Distribution volume (VDss), fraction unbound (human) and central nervous system (CNS) and blood-brain barrier membrane permeability (logBB) were evaluated to characterize the distribution of compounds. VDss describes the relationship between the concentration of drug in the plasma and the body (38). VDss<0.71 l/kg (log VDss<-0.15) is considered to be relatively low; VDss>2.81 l/kg (log VDss >0.45) is considered to be relatively high (36). VDss of R1D2-10(2, 12, 17, 24 and 79) was low, whereas compounds R1D2-10(10) and (82) showed relatively high values. For blood-brain barrier membrane permeability, logBB>0.3 indicates compounds cross the blood-brain barrier easily; logBB<0.3 indicates compounds do not easily cross the blood-brain barrier (39). All analogs show values of logBB lower than 0.3, so them were predicted to have low blood-brain barrier permeability. Regarding CNS crossing, logarithmic permeability surface-area product (logPS) was analyzed. All compounds show a logPS value among −1,366 and −2,370. Suenderhauf et al reported that drugs with logPS<-3 were predicted to not cross the central nervous system (CNS) (40). All compounds show a lopPS<-3, therefore, were predicted to cross the CNS.

Cytochrome P450 is a key enzyme system for drug metabolism in the liver. The primary subtypes of cytochrome P450 are CYP2D6 and CYP3A4 (41). R1D2-10(12, 21, 24, 26, 57 and 89) were not substrates for CYP2D6, whereas R1D2-10(5) was predicted to be a CYP2D6 inhibitor (Table II). By contrast, all compounds were predicted to be substrates and inhibitors of CYP3A4 (data not shown).

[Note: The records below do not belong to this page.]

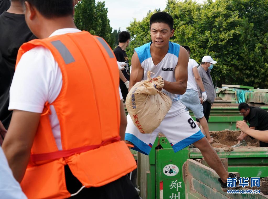 當日,在河南省鶴壁市浚縣傅莊堤上,不少群眾自發(fā)前來和救援人員一起裝沙袋、運沙袋,共筑堤壩。受持續(xù)強降雨影響,??h防汛形勢嚴峻,傅莊堤主要為浚縣縣城及26個村莊提供保護。新華社記者 李安 攝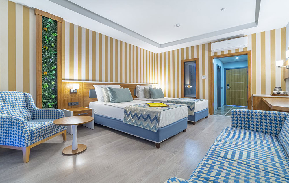 Family connection sobe (25-30m2). Sastoje se od dve spavaće sobe odvojene vratima koje sadrže francuske ležajeve ili odvojene krevete. Dodatni ležaj je sofa ili krevet na rasklapanje. Maksimalno može da boravi pet odraslih osoba.
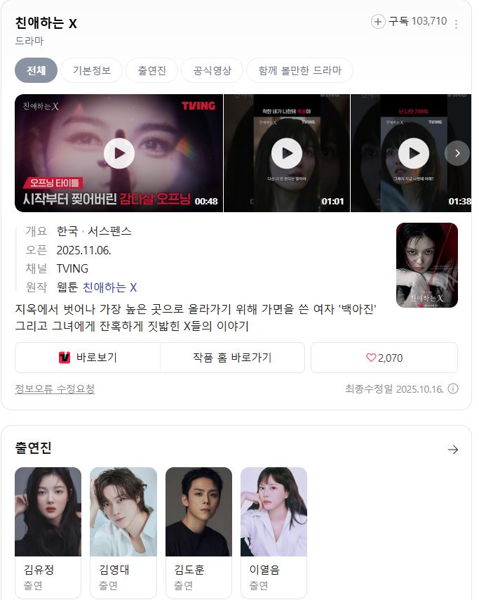 드라마 11월 신작 친ㅇHㅎr는 HOT [11월 신작] 친ㅇHㅎr는 x (01회 - 12회) 완결 [김 유정] 1080p 도리*** 2026-03-29 5,860 5.9 GB 다운로드 파일 1개 디.이.어.mkv 5.9 GB TAGS 11월 신작 친ㅇHㅎr는 01회 12회 추천 218 북마크 공유 목록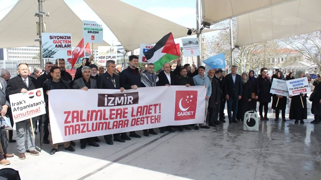 Saadet Partisi İzmir İl Teşkilatı, ABD ve İsrail'in İran, Lübnan ve Gazze'ye yönelik saldırılarını ve Mescid-i Aksa'nın Ramazan Bayramı da dahil olmak üzere yaklaşık bir aydır ibadete kapatılmasını protesto etmek ve amacıyla "Zalimlere lanet mazlumlara destek" sloganıyla basın açıklaması gerçekleştirdi. Konak tramvay durağı önünde düzenlenen açıklamada partililer, "Siyonizm güçten anlar", "Kral hem çıplak hem katil", "Medeniyet dediğin tek dişi kalmış pedofili" yazılı dövizlerle yaşananlara tepki gösterdiler.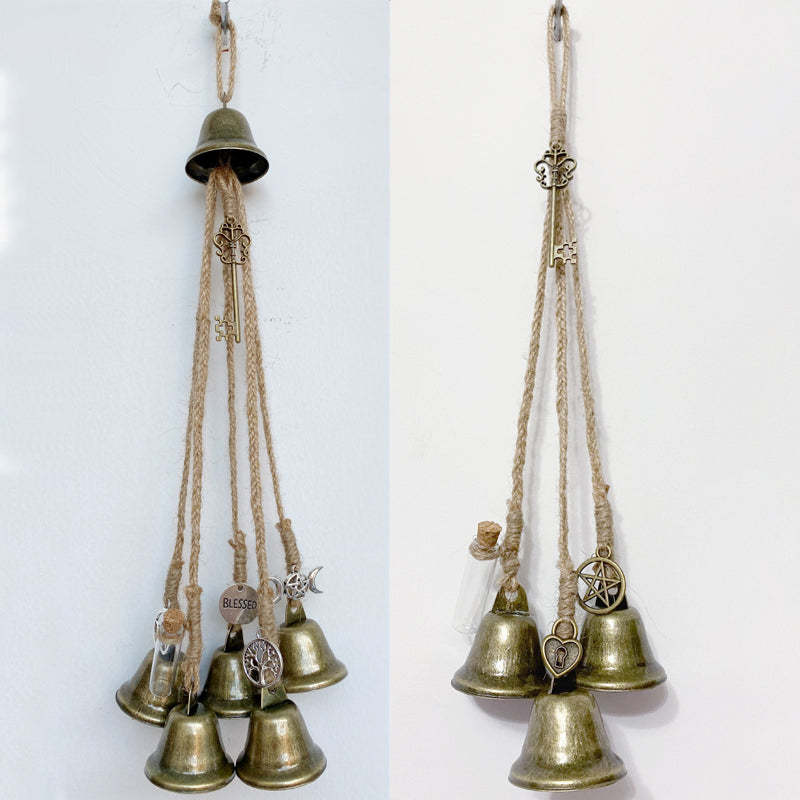 • 【Häxklockor】 Denna vackra handgjorda häxklocka har sex klockor, en livsträdscharm, en marschcharm, en välsignelsecharm, en tarotcharm, en liten trollformelflaska med skyddande svart salt och en nyckel för att skydda ditt hem och alla som bor i det.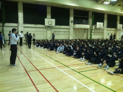 生徒たちも「身の安全」を訓練に参加していました。(副校長)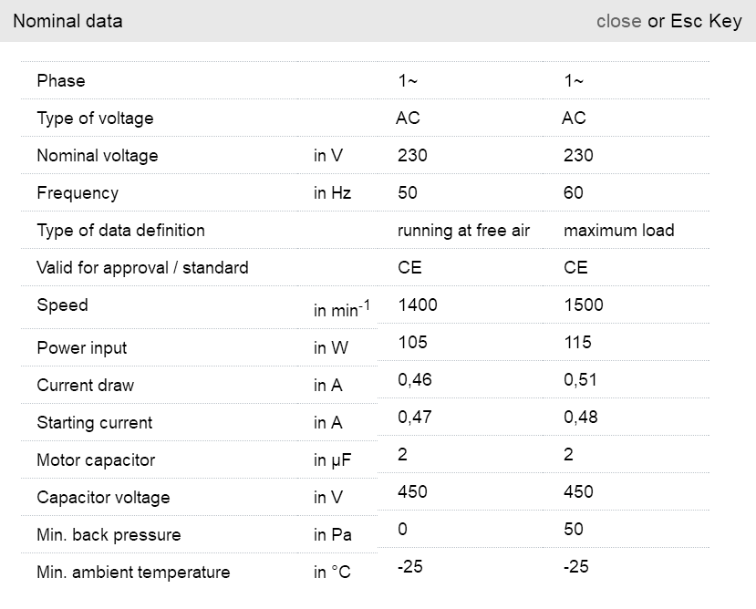 G1G140-AV17-02風量:400m³/h 電壓:24v 電流:2.5A 功率:54W 轉速:1750r/min

Drug elimination is associated with molecular weight and hydrophilicity of compounds. The prediction analysis showed that total clearance of R1D2-10(82) was highest, followed by R1D2-10(10, 12, 26 and 89). Furthermore, all candidates showed low or non-existent probability of off-target interaction (Table II).

Toxicity of compounds is shown in Table III. All the compounds were predicted to generate hepatotoxicity, except R1D2-10(10). Furthermore, R1D2-10(24, 57 and 82) exhibited high probability of generating tumorigenic effects, whereas R1D2-10(57 and 82) were also predicted to be mutagenic. Compound R1D2-10(12) was associated with reproductive toxicity.

The predicted results indicated that R1D2-10(10) was the only analog that did not show any non-desirable side effects. R1D2-10(2, 5, 17, 21, 26, 44, 76 and 89) were predicted to induce only hepatotoxicity.

Chemical diversity analysis was performed to determine whether the selected analogs were different using four molecular fingerprints and Tanimoto coefficient. MACCS fingerprint similarity values were notably higher compared with the other fingerprints (Fig. 9). Morgan 2D and Murcko Scaffold fingerprints analyze similarity based on two-dimensional molecular structure and its backbone (32,42), respectively. These results indicated no similarity among the selected compounds. Furthermore, 3D extended fingerprint analysis demonstrated lower levels of similarity than the aforementioned fingerprints. Given that low similarity values imply dissimilarity (Tanimoto coefficient <0.8) (43,44), these results indicated that the selected analogs derived from a common parent compound represent a diverse analog family and may exhibit different activity.